29th April 2021, 02:55

Howdy, poisondeathray!
It's explained in the avisynth mvtools2 documentation.
Sorry. I did finally find authoritative documentation for MVTools2 (other than the Chinese site I found earlier... in Chinese of course ;) ) I read it all. It was unclear to me that source MVs were not used.

The video codec's motion vectors (as defined by the video codec) are not used.

Why the heck not?

Frankly, I'm shocked.

If I was doing it, I'd extract the MVs from the source frames into a moving window of 5 frames, [A] [B] [C] [D] [E], in order to interpolate MVs between [B] and [D], i.e. for [BBBCC] [BCCCC] [CCCCD] [CCDDD]. I'd do a 2nd-order (linear MV 'velocity' + non-linear MV 'acceleration') autocorrelation. Jeez, the source's MVs literally point the way. Why aren't they being used?

poisondeathray

29th April 2021, 03:06

Sorry. I did finally find authoritative documentation for MVTools2 (other than the Chinese site I found earlier... in Chinese of course ;) ) I read it all. It was unclear to me that source MVs were not used.

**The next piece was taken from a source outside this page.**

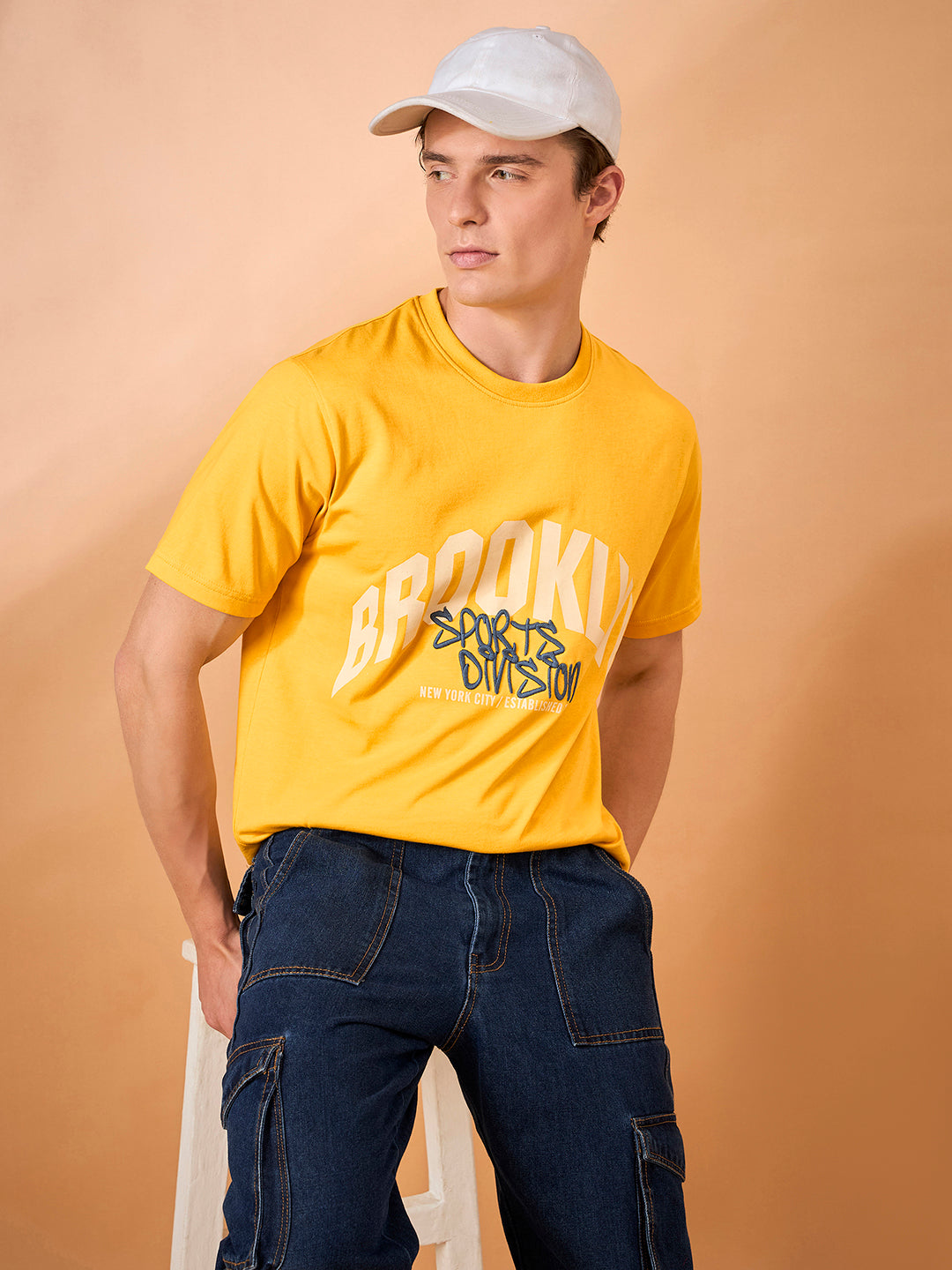 Men Yellow Print Regular Fit T-Shirt 2032

It's pretty clear source (codec) MV's are not used. Otherwise , why would you need to calculate or measure or estimate anything ?

Plugin uses block-matching method of motion estimation (similar methods are used in MPEG2, MPEG4, etc). At analysis stage plugin divides frames by small blocks and try to find for every block in current frame the most similar (matching) block in second frame (previous or next). The relative shift of these blocks is motion vector. The main measure of block similarity is sum of absolute differences (SAD) of all pixels of these two blocks compared. SAD is a value which says how good the motion estimation was.

Why the heck not?

Frankly, I'm shocked.

If I was doing it, I'd extract the MVs from the source frames into a moving window of 5 frames, [A] [B] [C] [D] [E], in order to interpolate MVs between [B] and [D], i.e. for [BBBCC] [BCCCC] [CCCCD] [CCDDD]. I'd do a 2nd-order (linear MV 'velocity' + non-linear MV 'acceleration') autocorrelation. Jeez, the source's MVs literally point the way. Why aren't they being used?

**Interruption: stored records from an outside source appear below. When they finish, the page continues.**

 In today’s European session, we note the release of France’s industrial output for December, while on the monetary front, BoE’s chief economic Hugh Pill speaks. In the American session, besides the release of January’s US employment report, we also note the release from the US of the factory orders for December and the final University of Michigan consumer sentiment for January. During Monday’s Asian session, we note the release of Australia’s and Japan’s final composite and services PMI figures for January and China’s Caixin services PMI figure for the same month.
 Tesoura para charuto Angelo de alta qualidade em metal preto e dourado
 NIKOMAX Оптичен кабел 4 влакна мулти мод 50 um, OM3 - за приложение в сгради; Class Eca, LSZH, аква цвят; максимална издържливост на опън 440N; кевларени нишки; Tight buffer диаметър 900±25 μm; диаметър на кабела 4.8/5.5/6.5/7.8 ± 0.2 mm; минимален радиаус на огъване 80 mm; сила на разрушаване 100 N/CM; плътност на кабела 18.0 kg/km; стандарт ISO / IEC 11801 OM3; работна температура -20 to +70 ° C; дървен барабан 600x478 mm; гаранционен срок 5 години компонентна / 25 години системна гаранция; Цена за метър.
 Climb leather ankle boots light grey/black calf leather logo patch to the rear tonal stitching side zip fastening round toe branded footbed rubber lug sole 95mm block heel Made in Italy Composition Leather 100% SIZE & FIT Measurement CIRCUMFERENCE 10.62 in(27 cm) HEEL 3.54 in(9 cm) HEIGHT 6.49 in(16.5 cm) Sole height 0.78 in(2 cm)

Another reason is the plugin receives uncompressed data from the decoder. There is no such thing as motion vectors at that stage. It does not access video codec parameters upstream .

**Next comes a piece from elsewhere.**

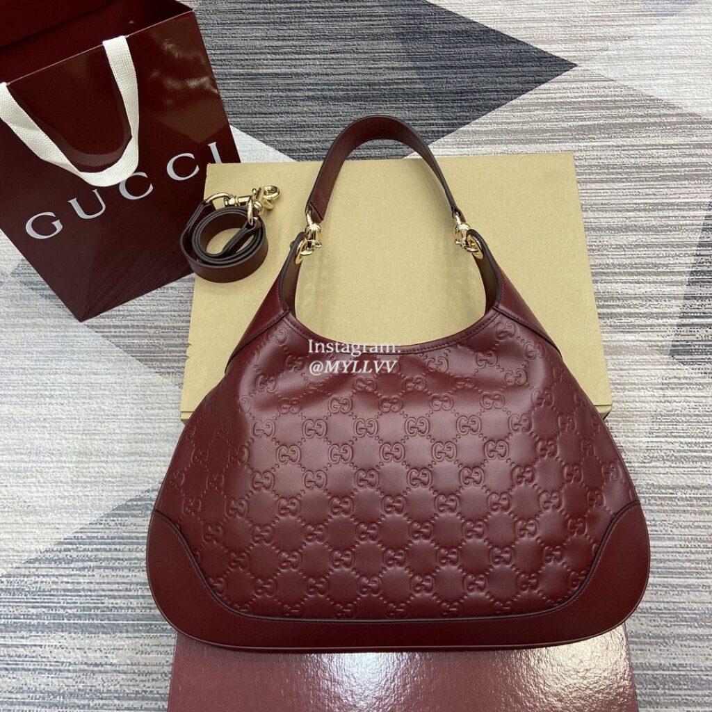 Gucci Rosso Ancora GG printed embossed cowhide leather

If you were to write something capable of accessing codec MV's, it would have to be integrated or have access at the level of the decoder

markfilipak

29th April 2021, 03:26

It's pretty clear source (codec) MV's are not used. Otherwise , why would you need to calculate or measure or estimate anything ?

Let me repeat that: why would you need to calculate or measure or estimate anything ?

I think you made my point.

Of course, some calculating is required to synthesize intermediate frames, but to start by throwing out the source video's motion vectors seems insane to me.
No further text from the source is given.